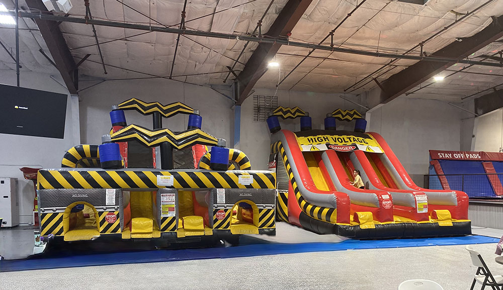 PURCHASE TICKETS PricingSlide again and again on our giant inflatable slides or challenge your friends to a race in our obstacle course! At 18 feet high, our mega inflatables are a sure crowd-pleaser!
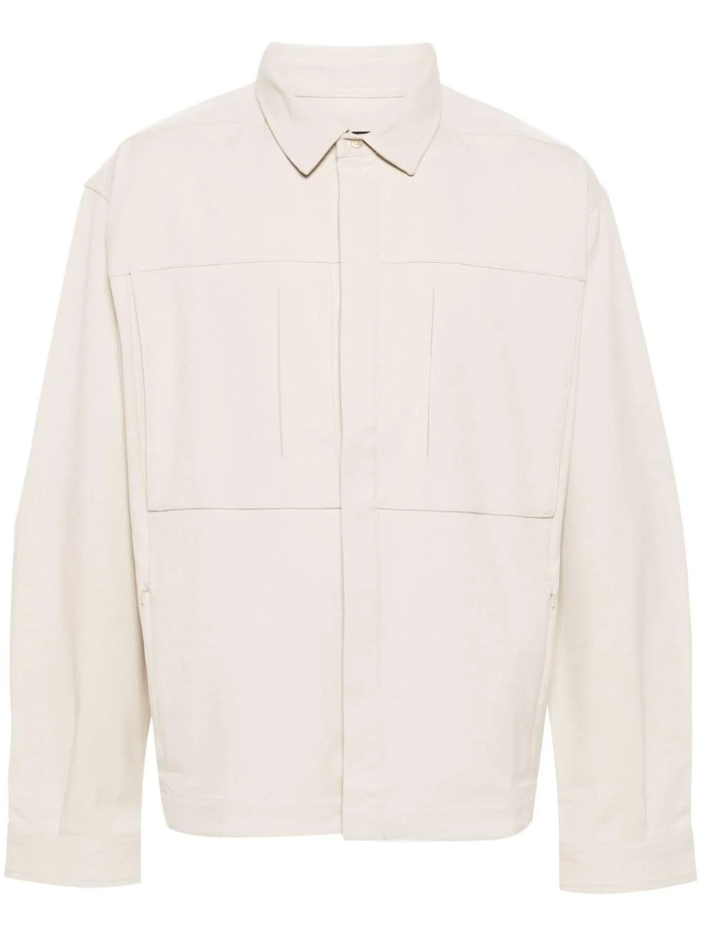 Duty shirt Highlights - Ivory white - Twill weave - Piped-trim detailing - Classic collar - Drop shoulder - Long sleeves - Buttoned cuffs - Two slit pockets at the chest - Two side zip-fastening pockets - No lining - Straight hem - Concealed front button fastening - When buying this unisex item, keep in mind that it is graded in standard men's sizing. Imported Composition Polyester 60%, Rayon 20%, Wool 13%, TENCEL™ 5%, Spandex/Elastane 2% SIZE & FIT Model measurements Height 5 ft 10 in(1.78 m) Bust/Chest 33.07 in(84 cm) Hips 36.61 in(93 cm) Waist 24.8 in(63 cm) FittingInformation This unisex piece is designed for a loose fit whether you usually select women's or men's sizes Made from a midweight stretch fabric, this piece offers elasticity and flexibility when worn
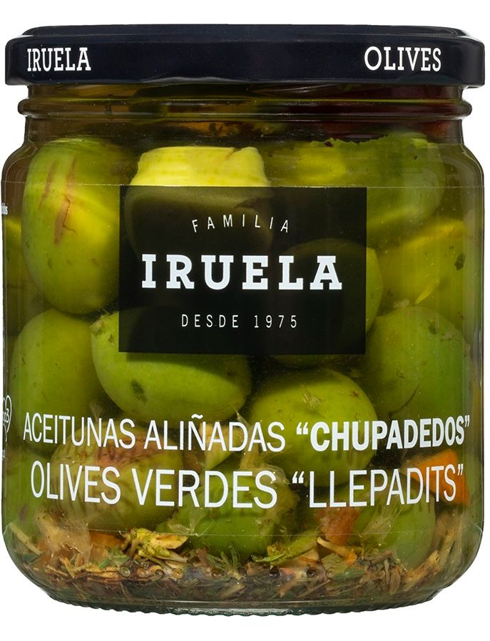 Склад: зелені оливки Вердіаль, вода, часник, апельсин, червоний перець, підсилювач смаку: глутамат натрію, спеції, сіль, оцет і натуральні ароматизатори.

- _Work to be completed_:
What you produce should repeat the data word for word while omitting all images.

- _Answer for the task_:
 PURCHASE TICKETS PricingSlide again and again on our giant inflatable slides or challenge your friends to a race in our obstacle course! At 18 feet high, our mega inflatables are a sure crowd-pleaser!
 Duty shirt Highlights - Ivory white - Twill weave - Piped-trim detailing - Classic collar - Drop shoulder - Long sleeves - Buttoned cuffs - Two slit pockets at the chest - Two side zip-fastening pockets - No lining - Straight hem - Concealed front button fastening - When buying this unisex item, keep in mind that it is graded in standard men's sizing. Imported Composition Polyester 60%, Rayon 20%, Wool 13%, TENCEL™ 5%, Spandex/Elastane 2% SIZE & FIT Model measurements Height 5 ft 10 in(1.78 m) Bust/Chest 33.07 in(84 cm) Hips 36.61 in(93 cm) Waist 24.8 in(63 cm) FittingInformation This unisex piece is designed for a loose fit whether you usually select women's or men's sizes Made from a midweight stretch fabric, this piece offers elasticity and flexibility when worn
 Склад: зелені оливки Вердіаль, вода, часник, апельсин, червоний перець, підсилювач смаку: глутамат натрію, спеції, сіль, оцет і натуральні ароматизатори.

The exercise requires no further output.